Sessions with psychologist Frederike Janofsky -- who had helped van Almsick -- proved enlightening.
“I didn’t have my head in the right place,” Steffen said. Janofsky soon discovered that Steffen was subconsciously afraid to beat her rivals in races.
“I would say I want to win. But after this test she asked: ‘Britta, why don’t you want to win?”’ Steffen recalled. “I spontaneously blurted out: ‘Because someone else would lose!’ It sounded so absurd when that came out of me. I thought ‘eh?’
“I had got used to losing. Deep inside I hated to see others lose because they’d cry. She helped me erase my own mind’s objections to winning.”
Soon afterwards, she won the four golds at the 2006 European championships and broke the 100 meters freestyle world record (53.42) held by Libby Lenton (now Trickett) of Australia.
That raised eyebrows because her time (53.30 seconds) was nearly a second faster than her previous best (54.29). A new high-tech swimsuit and concentrated tapering to peak helped but Steffen acknowledges that her time had raised questions.
“I’d have had doubts too,” she said. “But the coaches pointed out Trickett and others had also made similar one-second improvements before setting records.” In 2004, Lenton swam a world record 53.66 after a previous personal best of 54.64.
Germany is burdened by memories of state-sponsored doping in Communist East Germany. Swim coach Orjan Madsen has worked hard to change that with a “transparent athletes” program, a strict anti-doping regime that includes full-scale body profiling.
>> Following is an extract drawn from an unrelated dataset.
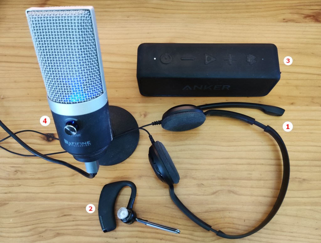 So I dug up Dragon V15, installed it and then wondered which microphone to use. Putting on headphones with a single hand defies the laws of nature. Try it yourself – maybe you have the knack – and then keep them on for hours. I found that even my lightweight Sennheiser headset1 made my ears sore. A single earpiece2 proved equally tricky to put on and Dragon struggled with its Bluetooth connection. Finally, I settled on an Anker speaker3 combined with a desktop microphone4, which Dragon picked up well with the mic positioned about 12 inches away.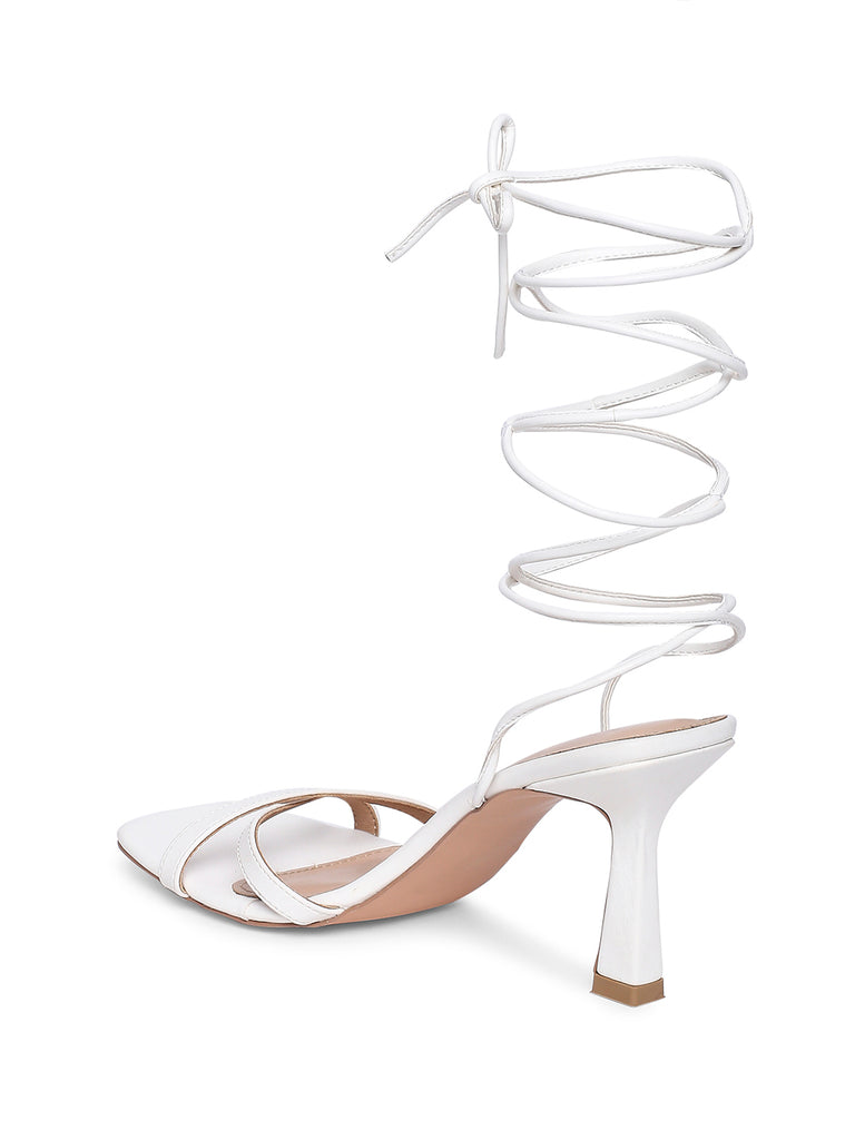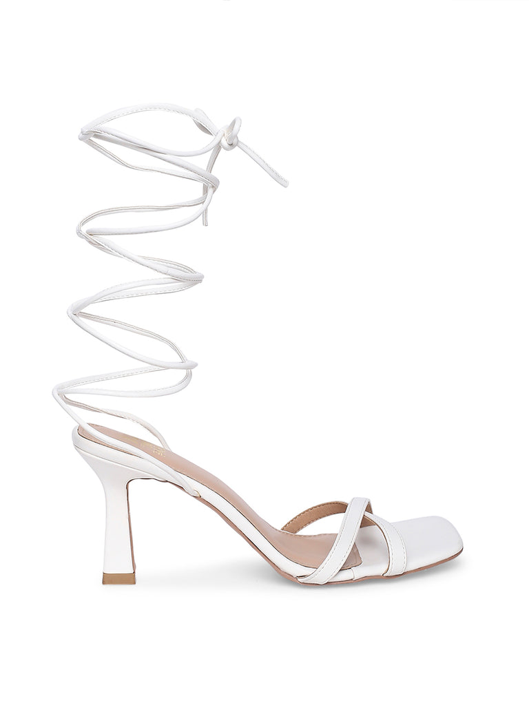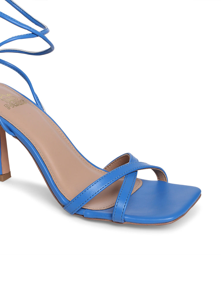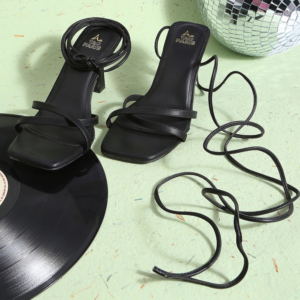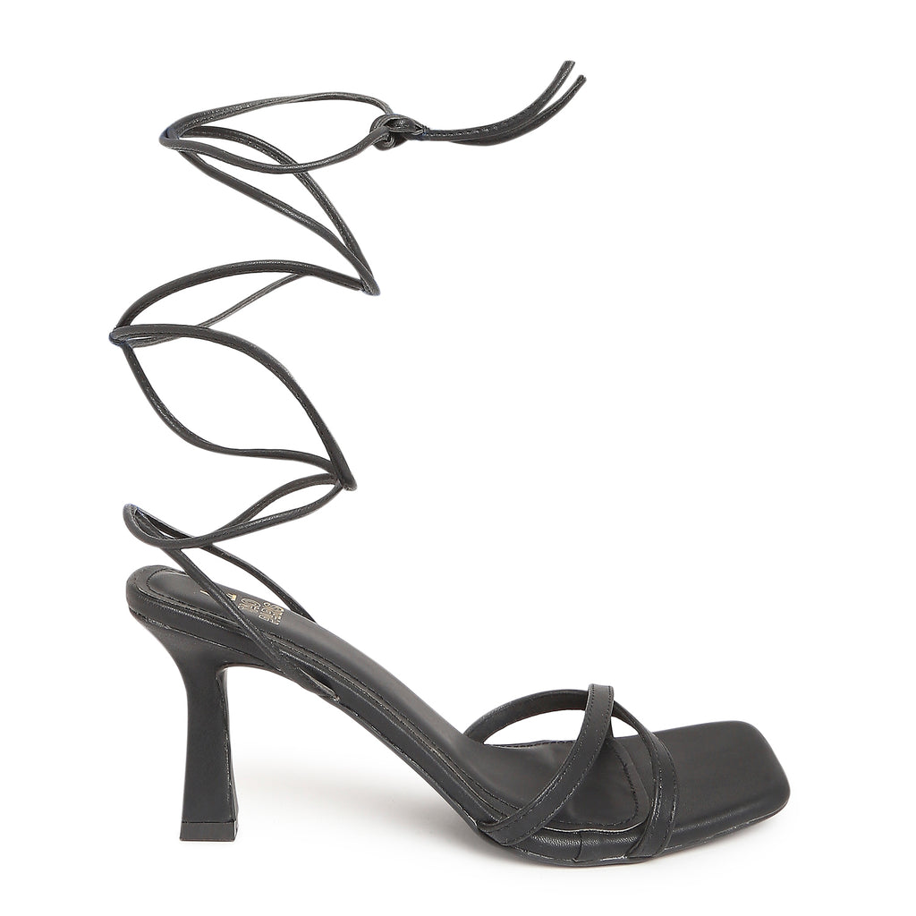 Tessa, The gorgeous pair that amalgamates our two favorite footwear trends of all time- stilettoes and long wrap-around ankle straps; the Tessa are classic heels that you need in your life! Accentuated with a square-toed front, this pair is best worn with Short dresses and capris.

“The problem is I took off a half a year, I’m a ‘German’ and from the ‘east’ -- so everyone assumed the worst,” said Steffen who voluntarily provides samples to be frozen for future testing when new screening technology is developed.
“Sure it hurt my feelings,” she said. “It seemed so unfair.”
So even though the doping test officials can come at inopportune times, Steffen is indeed always glad to see them.
“I wish they’d come every morning so I could give them samples right after waking up. It’d be fine with me.”